3,000 Students Hold March Through City, Protest Against EU

More than 3,000 student protesters marched on the Royal Pa­lace on Wednesday to present pe­ti­tions to King Norodom Siha­nouk rejecting the election re­sults that were officially announ­ced Tuesday.

The “Students for Democracy” then marched through the capital, jamming Norodom Boulevard at noon and eventually protesting outside the European Union office. The EU was the largest single foreign donor to the polls.

“We are holding this demon­stra­tion to find justice for Cambo­dia,” said Lim Srou, 21, a student at the Faculty of Fine Arts.

The petition, which opposition leaders said had more than 20,000 signatures, accused Se­cond Prime Minister Hun Sen of bringing the country to ruin.

“Hun Sen has led the country into disaster,” the petition said. “The people only see suffering and tears….Hun Sen has shown clearly that he does not think about the interests of the Cam­bodian people.”

A representative for the King, who is now in Siem Reap, accepted the petition.

Hun Sen has refused to resign, saying his victory in the polls indicated the will of the people.

The National Election Commit­tee and the Constitutional Coun­cil,­ both of which the opposition contends are biased in favor of the CPP, have categorically re­jected the complaints.

The international community, including a UN-coordinated election observation team, has generally been supportive of the polls, deeming them free and fair, but the opposition remains unmoved by this verdict.

More than 1,000 protesters gathered outside the EU office in Phnom Penh on Tues­day to contest the organization’s favorable statements on the elections.

“We do not agree with the re­sults of the election. We want the EU to get the evidence to show all the Cambodian people if it was really fair,” Hen Chhun, 31, a Fa­cul­ty of Business student, an­nounced into a microphone.

The students had trouble finding the EU office. They demonstrated outside the Belgian Con­sulate first, apparently because it had a large EU flag outside, be­fore moving on to the EU Sup­port for Democracy headquarters on Pasteur Street.

If their grievances are not ad­dressed, some students warn­ed, they will boycott their classes.

“We will continue to rally until we find a good solution. We students will not allow any party to cheat the people’s will,” said Chhin Tam­kich, a university student.

One statement over the loudspeaker threatened violence if te­l­e­vision news, generally control­led or influenced by the CPP, did not cover their demonstration. The­ television stations have down­played the protests, which have drawn as many as 15,000.

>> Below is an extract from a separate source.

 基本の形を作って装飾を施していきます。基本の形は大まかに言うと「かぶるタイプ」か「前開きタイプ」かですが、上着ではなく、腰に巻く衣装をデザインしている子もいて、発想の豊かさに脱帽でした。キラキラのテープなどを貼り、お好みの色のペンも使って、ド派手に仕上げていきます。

“We hold a peaceful demon­stra­tion today, but we will not take responsibility for tomorrow’s accident, especially if the state-run television won’t broadcast our news,” a student said.

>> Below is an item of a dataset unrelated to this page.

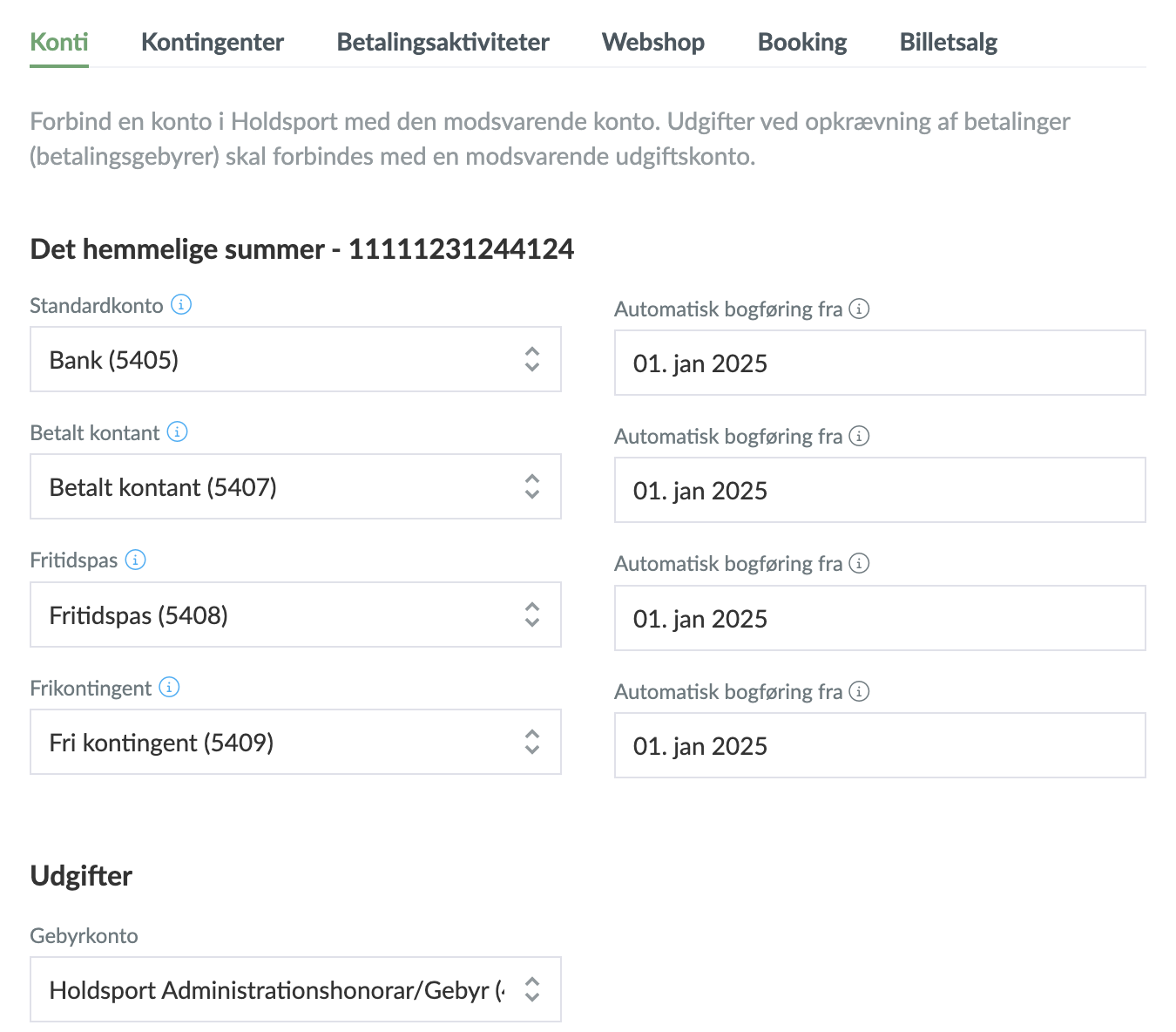 - Vælg også en startdato for, hvornår den automatiske bogføring skal begynde.

Earlier Wednesday, Funcinpec President Prince Norodom Rana­riddh vowed to continue the de­mon­strations as long as necessa­ry. He said that unless the CPP mov­ed to resolve the crisis, the political stalemate and instability would continue.

“If there is no solution, it will be a very difficult situation for Cam­bo­dia,” he told reporters at a news­ conference.

“We must respect the will of the people,” the prince added. “But­ if the people think we should put an end to the demonstration, we will. They will let us know and we will follow the will of the people.’’

Funcinpec and the Sam Rainsy Party have been the vanguard of the ongoing protest that has drawn thousands of people to a park dubbed “Democracy Square”­ in front of the National Assembly.

The protesters are demanding that opposition complaints of widespread vote fraud and irregularities in the July 26 election be ad­dressed. They also want Hun Sen to resign.

“Unless we obtain satisfaction….the sit-in will go on,” Prince Ranariddh said. “We will not stop, and when I say ‘we’, I mean clearly the people of Cambodia.”

The two parties, which won the remainder of parliamentary seats, have threatened to boycott parliament unless their complaints are resolved, a move that could lead to a constitutional crisis.

“They need us [so] they have to take our view into consideration,” the prince said.

A coalition is necessary be­cause, while the CPP has a majority in parliament, it lacks the two-thirds needed to form a government on its own.

Prince Ranariddh said attempts to get around that requirement by amending the Constitution or keep­ing the current government in place would be met with in­creased resistance.

The prince added that even if such moves were made, the government would be illegal and the opposition would push the international community not to recognize it.